The finished product fits perfectly! The FOE waistband is so comfortable, not binding at all and flexible to wear a little higher or lower on the waist depending on your mood. This kind of skirt is versatile to throw on casually with a tank top and flip flops or to accessorize for my business casual office with a cardigan and sandals. I love having a go-to A-line pattern (and a small supply of FOE.) There’s no stopping me now 🙂
No, I didn’t sew this skirt, but I did thrift it for $0.99. The fabric and pink grosgrain hem are a little too cutesy for me, but the fit is absolutely perfect. I purchased it solely to draft a pattern. Since spring, I have had intentions to make a skirt for myself…I have a few patterns, the Sew What Skirts book, the skirt pattern in Sew U, etc….but didn’t realize I just needed to take a dollar to the thrift store. I’ve been meaning to try some fold-over elastic (FOE) since reading Angry Chicken’s 5-Minute Skirt tutorial, so I ordered some on etsy and got busy.

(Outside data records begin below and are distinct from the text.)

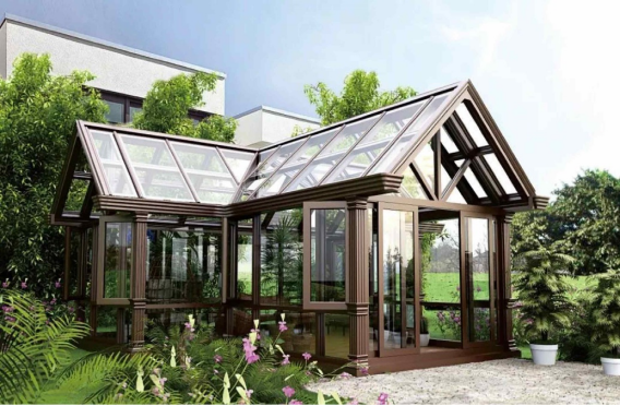 由铝型材根据用户需求,进行庭院铝艺定制,例如阳光房、凉亭、入户门、庭院门、围栏、花盆等
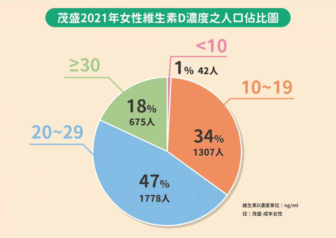 茂盛醫院針對去年度(110年)共3802位成年女性進行統計分析發現:體內維生素D濃度<10ng/ml屬嚴重不足的族群佔1%;維生素D濃度10~19ng/ml屬缺乏者,佔比拉高至34%,合計為35%;至於20~29ng/ml則屬不足者的佔比為最高,超過47%;即維生素D濃度達到正常標準值婦女的佔比卻只有18%。匯整上述數據顯示:維生素D濃度<30ng/ml以下之維生素D不足的族群合計佔比超過82%,即每10位婦女就有超過8位的維生素D是偏低的,這是台灣婦女健康上的一大警訊!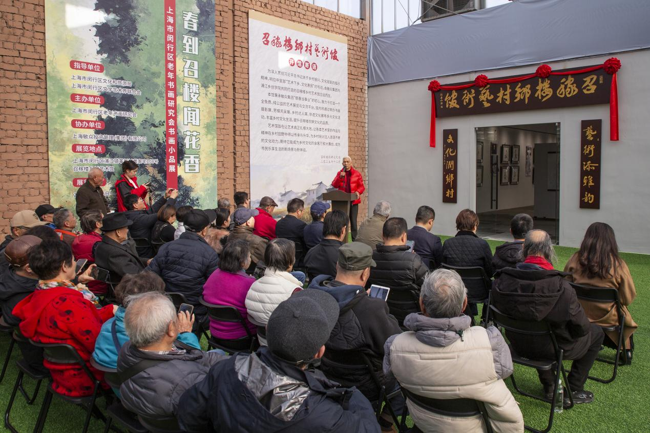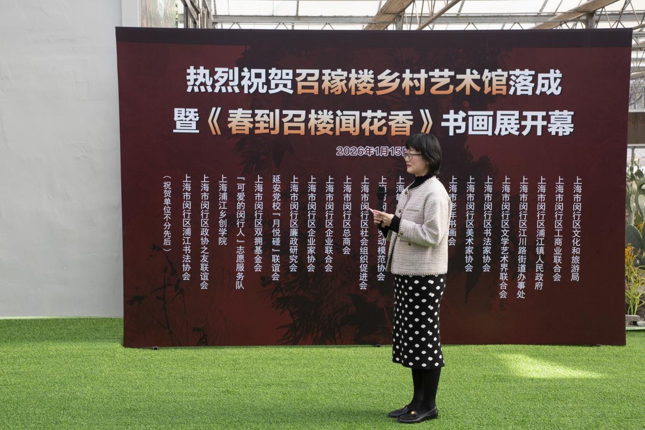 1月15日上午,召稼楼乡村艺术馆落成暨《春到召楼闻花香》书画展开幕仪式在召稼楼古镇隆重举行。本次书画展由上海市老年基金会闵行区代表处资助。闵行区原政协主席吴申耀、区委宣传部副部长许新江、江川路街道办事处副主任张磊、浦江镇党委宣传委员娄妤等领导、艺术家代表及社会各界人士等齐聚古镇,共同见证这一文化盛事。

To draft the pattern, I simply laid out the skirt on the fabric and cut around it! From there, I refined the shape, stitched the side seams, tried it on and refined some more. Then I traced the skirt-in-progress on paper to make my pattern piece for future skirts (…and there will be plenty more, especially since I can make the skirt with only a yard of fabric!) For pattern paper, I just tore off a piece of drawing paper from my daughter’s art easel which is conveniently located adjacent to my sewing space. I also saved the paper all my IKEA bookcase pieces were wrapped in and use that for pattern-drafting, too
I used a piece of medium-weight cotton from my stash, a black and white print with little bits of green. The skirt was cut out on the bias to allow for some stretch. For the waistband, I used black FOE. I tried to watch Angry Chicken’s FOE tutorial on YouTube for some pointers, but my laptop claims I don’t have flash player and will not let me download the newest version, so I just winged it with the FOE. It was easier than I thought, as long as I kept the elastic pulled tight as I stitched. For the hem, I pressed and pinned a 1″ hem and fortunately decided to try on the skirt one last time before stitching. It was a wee bit too short, so I unpinned the hem and opted for a 1/4″ rolled hem instead.